Cogman
Lifer
- Sep 19, 2000
- 10,286
- 147
- 106
I was actually aware of that, realized it that when I increased the number of runs, the number of solutions also increased, and I normalized everything to the original 10 runs. Btw, all times reported are also per 10 runs, not per 1 run
As for the MT version, I actually planned to do that, perhaps you can try with Scali's suggestion, I won't be able to until later today.
I was going to divide work in a bit better way though. You have it by n, e.g. for 2 cores, it'd be 1-25 and 26-50. The thing is that those inner m and k loops will be executed a lot more for smaller n's, so it would be better to have something like 1-15/16-50 (and say 7, 10, 16, 17 for 4 cores) as the first thread will have lots more to do than the last. It would need some hardcoding though, and perhaps experimenting, but the overhead does make it quite unlikely that much can be gained, unless Interlocked add helps.
Meh, the critical section is only used once per thread, and critical sections are really only slow if there is a collision (really not all that likely).
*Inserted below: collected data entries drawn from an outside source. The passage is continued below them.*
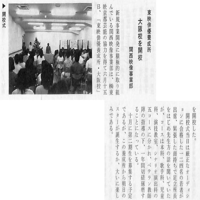 1985年6月15日、「関西支社映像事業部」は「京都撮影所・東映俳優養成所」と提携し「東映俳優養成所大阪校」を創設しました。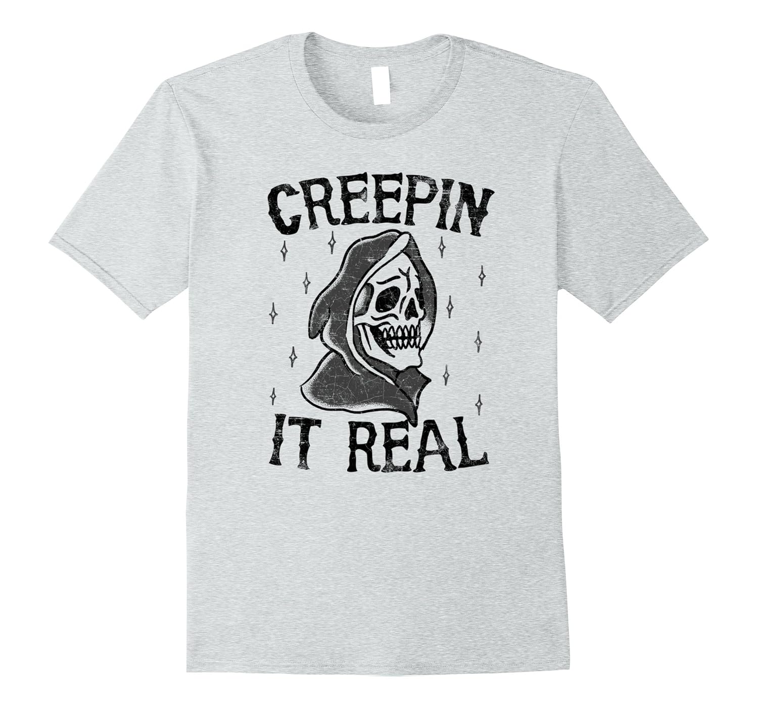 Solid colors: 100% Cotton; Heather Grey: 90% Cotton, 10% Polyester; All Other Heathers: 50% Cotton, 50% Polyester; Imported; Machine wash cold with like colors, dry low heat; Spooky hand drawn distressed design Creepin It Real Vintage tattoo style graphic. Funny mens Halloween shirt.; See more great adult halloween shirts by clicking on our brand name.; Lightweight, Classic fit, Double-needle sleeve and bottom hem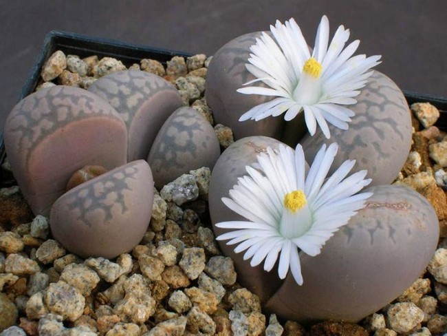 Litopslar Janubiy Afrika, Namibiya, JAR va Boputusvananing qumloq hamda toshloq sahrolarida o’sadi. Gulning yer usti qismi chirmashib o’sib ketgan ikki yo’g’on bargni ifoda etadi. Shu barglar kichikgina yoriq bilan ajralib turadi va undan gulband bilan yangi bargchalar paydo bo’ladi. Kattaligi yuqoriga va yonga 5 santimetrgacha cho’ziladi.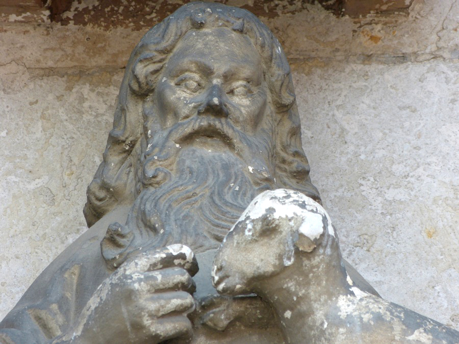 La statue du Bon Pasteur (Saint Jean-Baptiste) au tympan de l'église de Saint-Jean-Pied-Gauthier
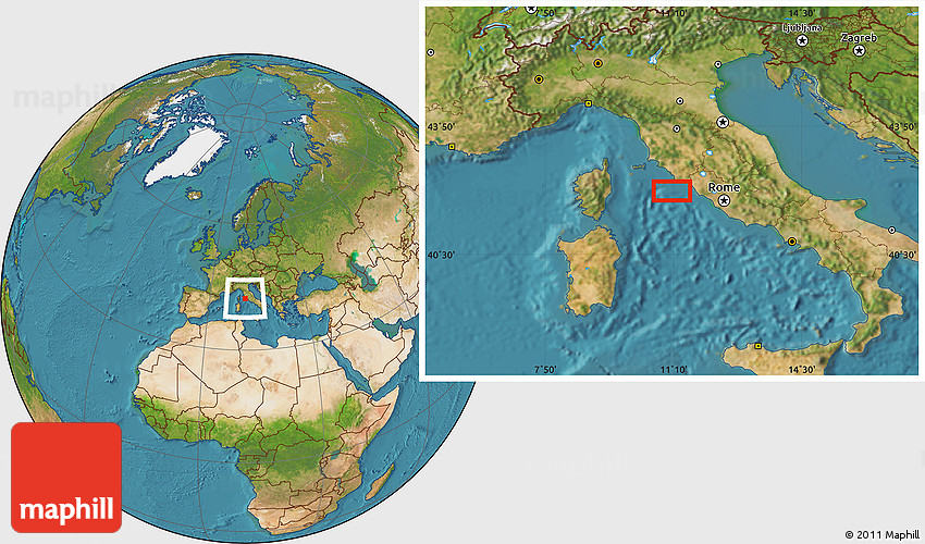 Maphill is a collection of map images. This image combines a satellite map with the globe centered on the area around 42° 9' 30" N, 11° 7' 30" E. Use the buttons under the image to switch to different map types.

I did an interlocked add just to make sure and got similar results (Ok, it was with wonky gcc asm as mingw doesn't support the InterlockedAdd function).
Where the speeds are ~2x that of the single threaded version, I'm going to say that thread overhead is the big killer here. Threading will probably only benefit this if we are finding more solutions, or using a crappier algorithm. Perhaps if I'm bored, I'll thread my original solution for the heck of it.